Friday, August 21, 2009

Cragin longevity

My friend Wes Eichenwald wrote that he liked these pages, which was fun, and then sent different links. I poked around one of them and found this:
http://www.ancestry.com/facts/cragin-life-expectancy.ashx

Are Cragins longer lived than others? My grandmother Bertha "Beth" Church Cragin certainly was. She lived at North Hill in Natick from the month the cement dried until her 99th year. Always correct, always in a skirt and hose, perfectly mannered, she set a great example for me and my Cragin Cousins as someone who was tough as nails and smooth as silk. I miss her a lot and learned a lot about grace under pressure from her example. And I'm very glad I have so many cards and letters (one advantage of leaving home young). She had a great way of referring to "that darling old lady" across the elegant dining room, well into her 90s. I started seeing people 20 years younger than my grandmother as older than my grandmother and Grammiebeth was highly skilled at identifying those with more years than herself -- always in a truly warm and admiring way. I remember her at 98 talking about "that sweet old one" over there, who'd just celebrated 100 years.

Okay, my grandmother was born a Church and her mother and father were Scottish (though from Lancashire, I think they'd moved to work in the mills). So she's a Cragin because she married one, but she still counts in the longevity sweepstakes.

On the other hand, there's the example of my great-grandfather Alger Cragin, who began Cragin and Wilkins Sheet Metal in Leominster in 1901 (I think). He died young, and the story was he fell out of an apple tree and broke his neck on the stone wall below.

Another tragic story, although equally foreign to our modern sensibilities (as is the death of Alfred who spent way too much time fooling with gun powder). This may seem exotic to you because if you've gone apple picking anytime in the past 20 years you'd be hardpressed to even climb an apple tree, let alone fall out of one. Modern trees have been grafted into low gangliated fruit-bearing branches. Those old-fashioned apple ladders, that taper near the top, are truly antique. No, if Alger was picking apples today, he'd just walk around the tree.

Monday, August 17, 2009

"Under the Snow" by Josephine Eaton Cragin

I thought about waiting until winter to run this, but decided to keep the Josephine information consistent. Here's a poem that appeared in the June Godley Cragin book.

"Under the Snow"

Over the snow fields, piled so high,
Spring-like cloudlets are drifting by;
Under the snow-fields far below,
Where the elves and the fairies come and go,
Wonderful things are being planned
None but the fairies can understand,
Far down below
Under the snow.

Slumbering, slumbering, under the snow,
tiny grass-roots are lying low
How can they tell so wrapped in death,
It is almost time for the south wind's breath?
How do they know, in the brown earth deep,
When to wake from their wintry sleep?
How do they know,
Under the snow?

Silvery, musical, mountain rill,
Once so restless, but now so still,
Bound by the ruthless Ice-kings chains,
Longing, waiting for April rains;
Crystal brook! It will wake ere long --
Wake to the thrill of the bluebird's song,
Murmuring low
Under the snow.

Hasten, sunshine, and balmiest breeze
Pity the plaint of the leafless trees;
Quicken the mystical life below,
Till leaf buds burst and maples glow,
And the willows don their drab and gray,
Mute little Quakers in sober array,
Oh, the life below,
Under the snow.

* * *
I actually liked this better once I typed this out. She's reliant on that Longfellowesque rhythm that was so popular and keeps the pace clip-clopping along. In her day, a good blizzard would definitely isolate people so her fancies (from fairies to grass roots) are definitely romantic. The poetry of James Whitcomb Riley (who lived in Westminster, the adjoining community to where she lived in Fitchburg) also had a seasonal bias.
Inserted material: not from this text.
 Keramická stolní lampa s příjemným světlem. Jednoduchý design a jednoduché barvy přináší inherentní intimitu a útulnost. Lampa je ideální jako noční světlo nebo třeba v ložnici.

Now I wonder if she was personally acquainted with Caroline Mason Atherton, the best known poet of Fitchburg? I know from reading back (I mean, wa-a-ay back issues of the Sentinel -- like 1864-1900 about 10 years ago) that locally-produced poetry was always part of tha publication, but was there some gathering place or occasion that the folks who wrote verse got together? I think of Emily Dickinson, hovering in her room. Though well-to-do, there was plenty of housework that fell on her shoulders and I always thought that some of the quickness of her verse had everything to do with stolen moments and frequent interruptions.

From the pages of the Proceedings of the Fitchburg Historical Society, "The Verse Writers of Fitchburg"
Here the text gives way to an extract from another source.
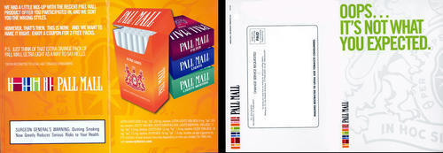 Direct mail from Pall Mall with a coupon for 2 free packs of Pall Mall, sent as compensation for a mix up in a previous mailing order, where a style of Pall Mall other than the one ordered was sent to the receiver. Cover Text: Oops...It's not what you expected." Inside Text: "We had a little mix-up with the recent Pall Mall product offer you participated in, and we sent you the wrong styles. However, that's then. This is now. And, we want to make it right. Enjoy a coupon for 2 free packs."
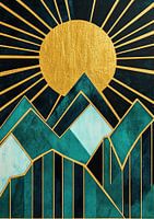 Een minimalistisch landschapschilderij in een abstracte stijl, geïnspireerd op Japanse kunst, met bergen en de zachte gloed van de zon of maan. Het combineert sereniteit en kracht.

A little bit of online investigation turns up a cache of Josephine E. Cragin information. I have put my archivist partner, Mr. Liberryman onto tracking down other Josephine poems. She evidently cranked them out for The Congregationalist. And we found that in the 19th century, publications entitled "The Congregationalist" are about as common as whale-bone corsets. So it might be a while until we have more Josephine verse, although I did find another poem in the Godley Cragin compendium. This is from "Proceedings" . (read at a meeting of the Society, October 17, 1898)

Another Fitchburg writer, "who in the love of Nature holds communion with her visible forms," is Mrs. Josephine E. Cragin. The hills, the mountains, the woods, the flowers and trees, all furnish inspiring themes for her verse and song.
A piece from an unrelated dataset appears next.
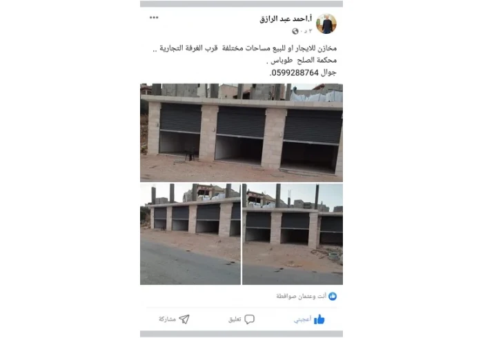 مخزن مشطب للبيع على شارع رئيسي قرب محكمة الصلح الجديده..طوباس
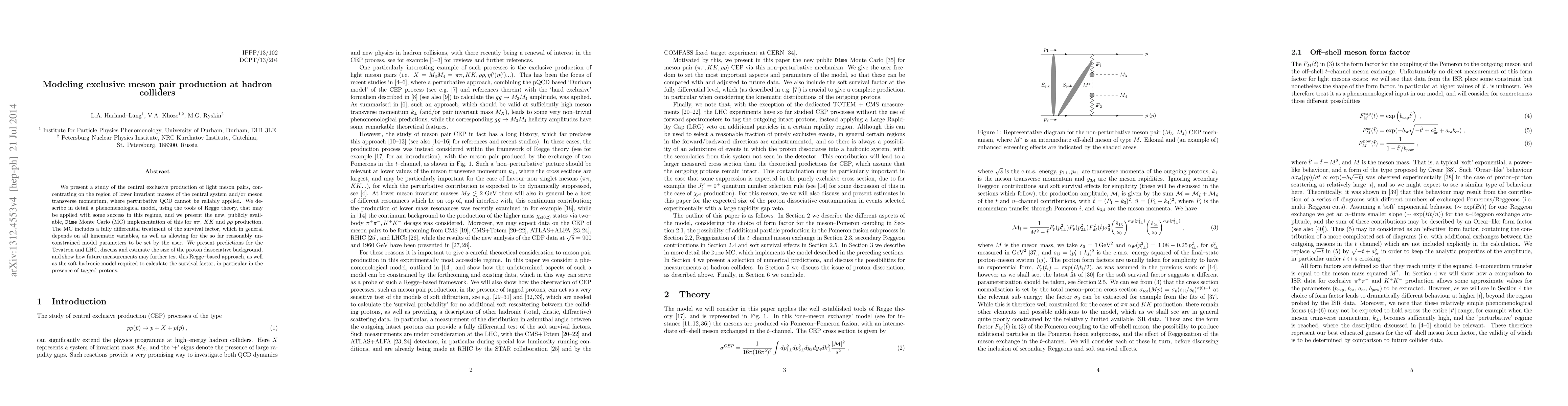 This paper develops a phenomenological model based on Regge theory to study exclusive meson pair production at hadron colliders, particularly in regions where perturbative QCD fails. It introduces a new Monte Carlo implementation, Dime, for $\pi\pi$, $KK$, and $\rho\rho$ production, and provides predictions for future measurements at the Tevatron and LHC.

Mrs. Cragin, daughter of Thomas S. and Martha (Downe) Eaton, was born April 7, 1845, in West Fitch- burg, in the house where she now resides, and where she has always lived except the ten years following her marriage in 1875, during which time she resided in Royalston. Her sons are the sixth generation which has lived in the same house, now about 110 years old. From the grammar school in Fitchburg, Mrs. Cragin went to the academy in Henniker, N. H., in which place her uncle, Rev. J. M. R. Eaton, was for many years pastor.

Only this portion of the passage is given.